Remember the value you bring to the table. You and your business are just as important as the people who you engage with to advance your entrepreneurial work. If people are not treating you with respect and do not see the value you offer you can choose to change the trajectory of the interaction. Don’t be afraid to let go of perceived opportunities if you feel someone is wasting your time. Investing your time with people who have false and indirect intentions takes away from other fruitful unexplored opportunities…and time is a nonrefundable currency.

Sexuality is a natural and beautiful thing. It is not a matter of suppressing sexuality. Like all things in life, it is about discerning when it is appropriate to engage in the sensual experience of being a woman and for men when to engage and disengage from sexual desires. There is no set rule that men or women are in these specific roles. They can be reversed. However, given the historic societal structure, the typical dynamics involve men in the position of power. For women, society has engrained that power comes from sexuality. Kym Gold, co-founder of True Religion Jeans and Style Union Home offers advice to women, “Don’t lead with your sexuality because it is hard to go back. You can be beautiful and sexy, but don’t use that with business. Lead with your confidence.”
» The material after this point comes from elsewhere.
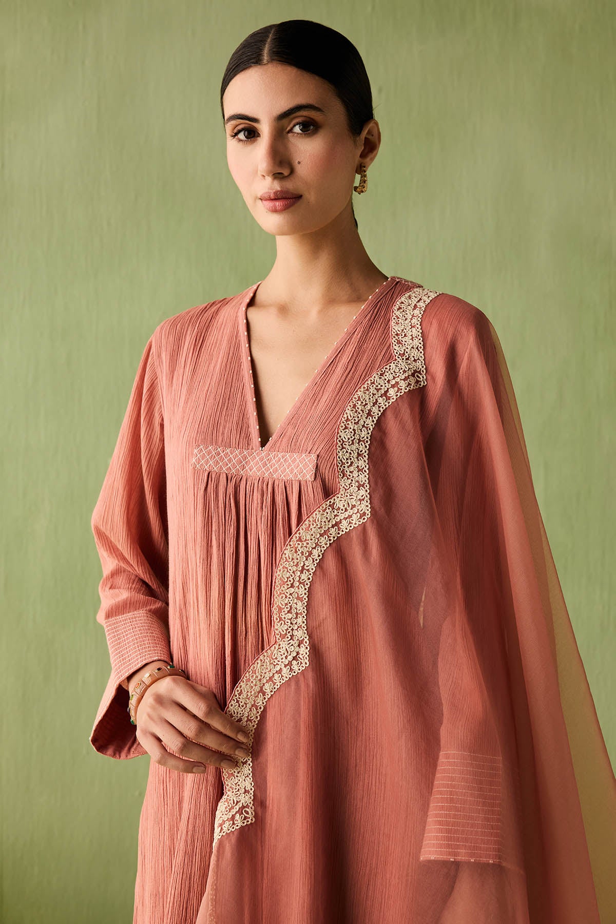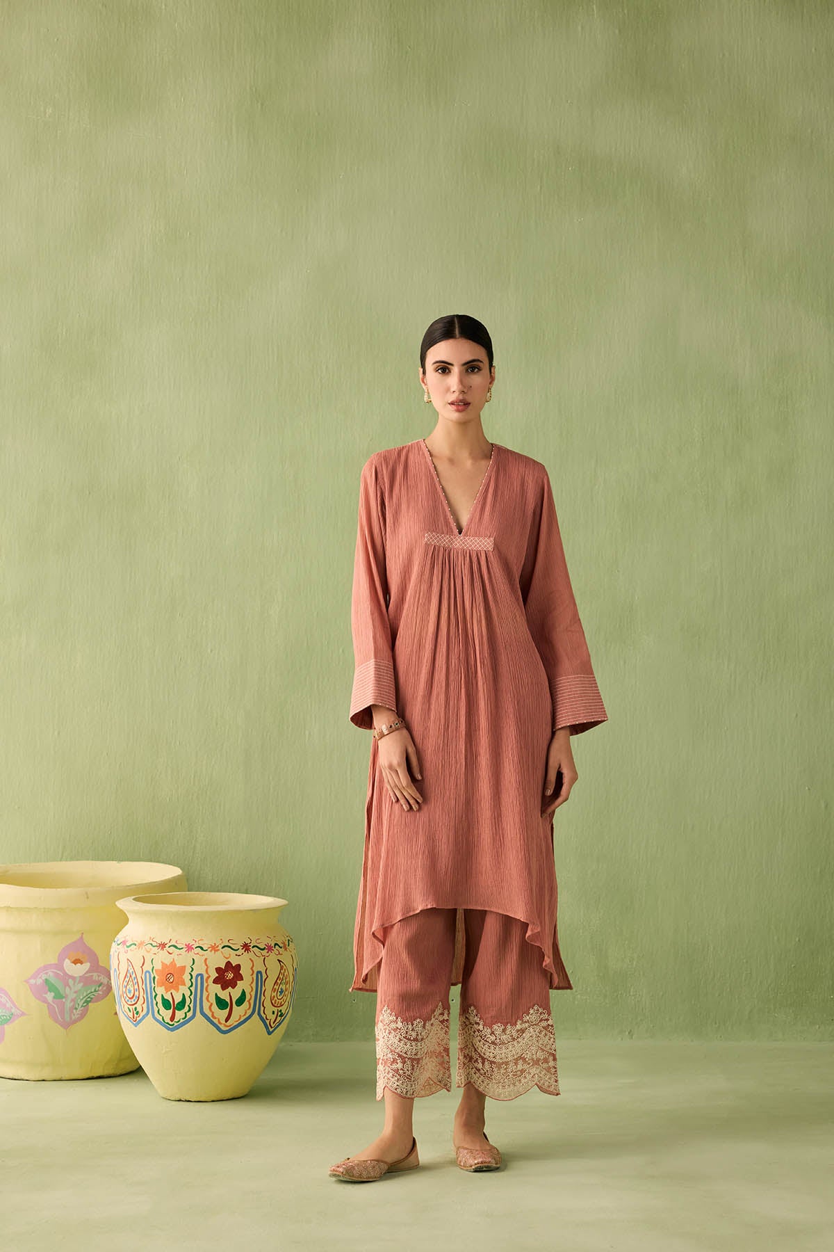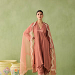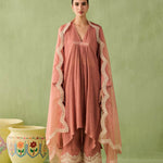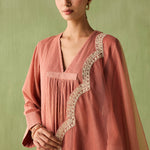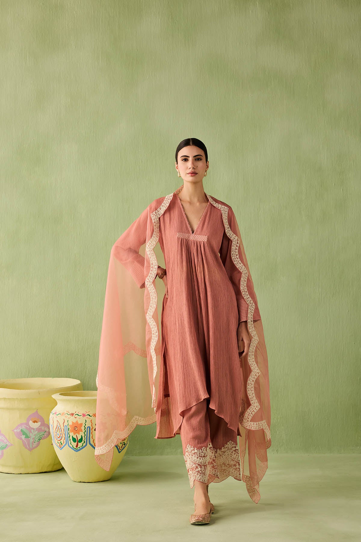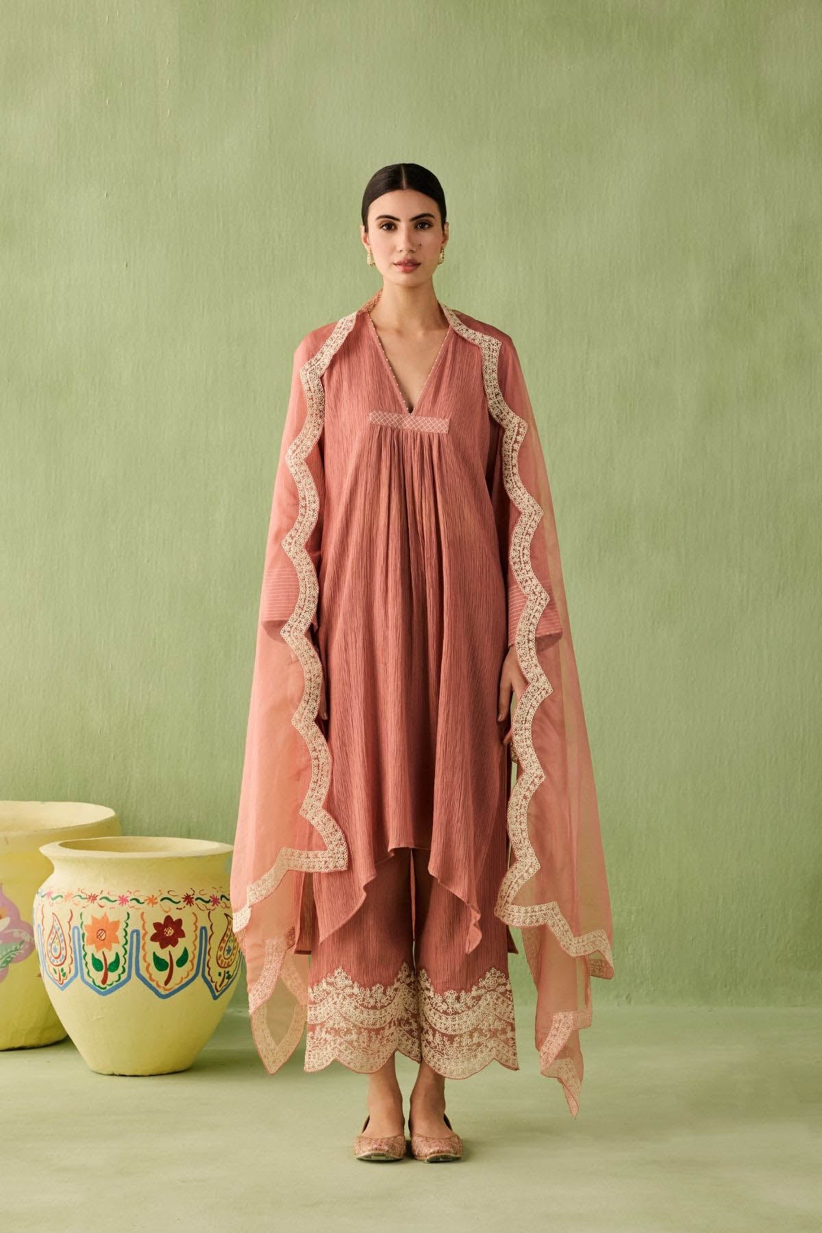 Something old, something new — this rust asymmetrical cotton gauze kurta with bell sleeves and a plunging neckline is traditional yet modern. The silhouette is its standout feature, while the drama has been reserved for the scalloped palazzos accentuated with contrast ecru thread. Add the wide scalloped embroidered organza dupatta for a traditional look or skip it for modern charm.

Most power-related interactions are subtle and socially ingrained. Humanity is being asked to become more aware and level up for future generations. It is up to each of us (men, women, or nonbinary) to be a part of establishing the new wave of gender dynamics in business. As our awareness expands we gain insight into how we each are a part of this cycle. We need to have patience with the evolutionary process, internally and externally, as we make the necessary changes. As with anything new, it takes time and we may occasionally stumble as we learn different ways of being. Courage and strength are needed to usher in major changes in things like sexual dynamics in business. Respect for ourselves and others is the anchor we need to keep coming back to. It is important to understand the power each one of us yields. Most women are far more powerful than they give themselves credit for. Power is abundantly available and lies in the choices we make. Choose wisely how you want to be treated, how you want to represent yourself, and who you want to share your power with.

If you have experienced more severe forms of sexual harassment MovingForward created a handbook for harassment for founders.